Bosnia and Herzegovina’s revised national War Crimes Processing Strategy, which was drafted back in 2018, was finally adopted on Thursday at an extraordinary session of the country’s Council of Ministers.

“For the past two years I have led the negotiations about the strategy, which involved reputed experts, and the strategy was given the green light at the Council of Ministers’ session today,” said state-level justice minister Josip Grubesa.

The revised national strategy is intended to clear up the country’s large backlog of war crimes cases.

It says that the state prosecution currently has more than 550 unsolved war crimes cases involving 4,500 known perpetrators and as many cases with unknown perpetrators.

The courts in Bosnia and Herzegovina’s two entities, the Federation and Republika Srpska, and in the Brcko District, have around 200 cases with known war crime perpetrators.

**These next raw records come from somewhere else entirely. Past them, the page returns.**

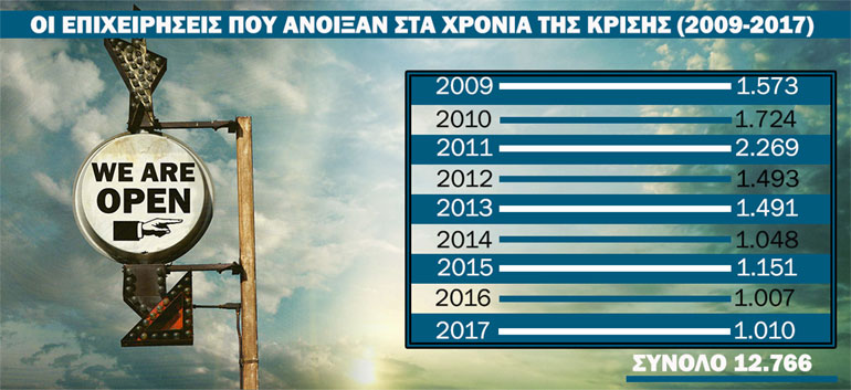 Σύμφωνα με τα επίσημα στοιχεία, από το 2009 έως και το 2017 έχουν ανοίξει συνολικά 12.766 επιχειρήσεις γεγονός που αποδεικνύει ότι τα «λουκέτα» ήταν περισσότερα συνολικά κατά 1.134.
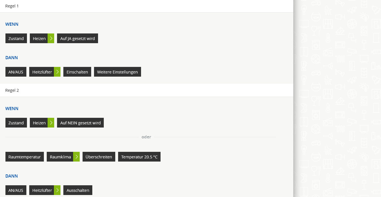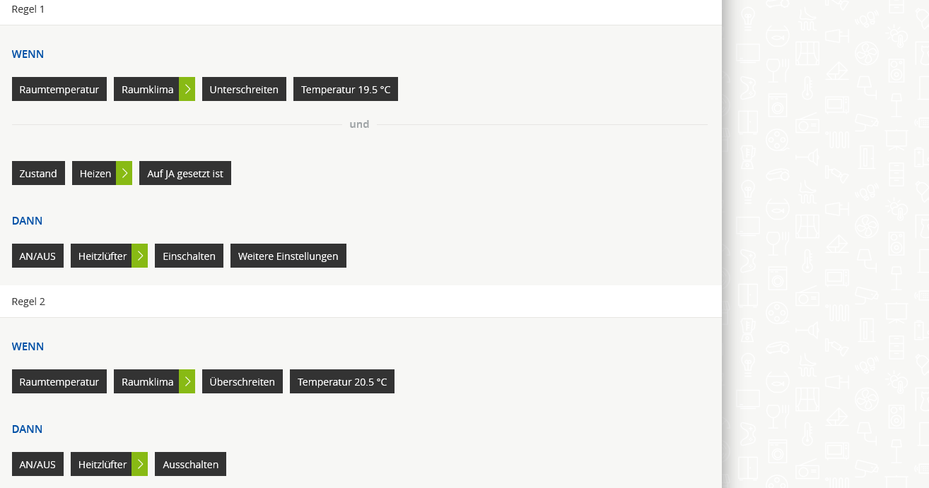 ich möchte über einen Zwischenstecker einen Heizlüfter im Bedarfsfall so steuern, dass er zwischen zwei Temperaturen an-/ausschaltet. Über den Zustand Heizen wird der Zwischenstecker aktiviert, der Heizer läuft bis zur Zieltemperatur und schaltet dann aus (siehe sceenshot). Was mir nicht klar ist, wie ich das Szenario "stricke", um beim Unterschreiten einer Temperatur den Heizer erneut "starten zu lassen. Geht das überhaupt?
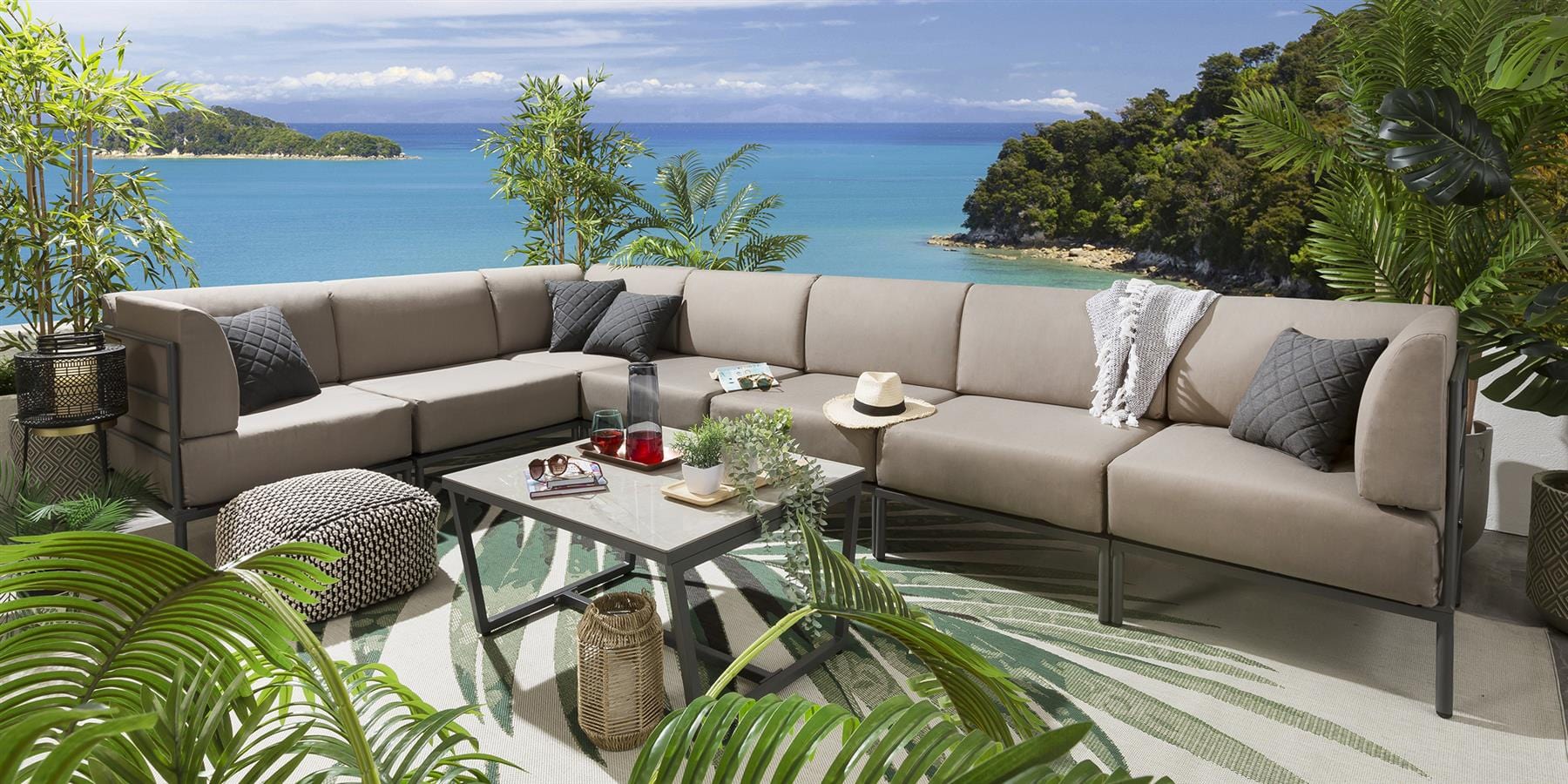 Alfie Modular Garden Corner Sofa Set Coffee 360x216cm L8

One of the goals of the newly-adopted strategy is to ensure the efficient distribution of cases to lower-level courts, a process which has not been working properly so far.

Milan Tegeltija, president of the High Judicial and Prosecutorial Council, the country’s judicial overseer, welcomed the adoption of the strategy.

“This is an extremely important step to speed up the processing of war crimes and satisfy the interests of justice,” said Tegeltija.

In 2008, the authorities adopted their first national strategy for processing war crimes cases which said that most complex cases would be processed at the state level within the following seven years, while all other cases would be transferred to the entity level and completed in 15 years, by 2023.

As the seven-year deadline expired in late 2015 without the most complex war crime cases having been completed at the state level, the revised strategy was prepared, specifying that a larger number of cases would be transferred to the entity level.

The revised strategy, to which the High Judicial and Prosecutorial Council gave its backing in February 2018, says that all cases should be processed by 2023.

But amid delays caused by elections and post-election political wrangling, the revised strategy did not make it onto the agenda of the Council of Ministers for approval until this week.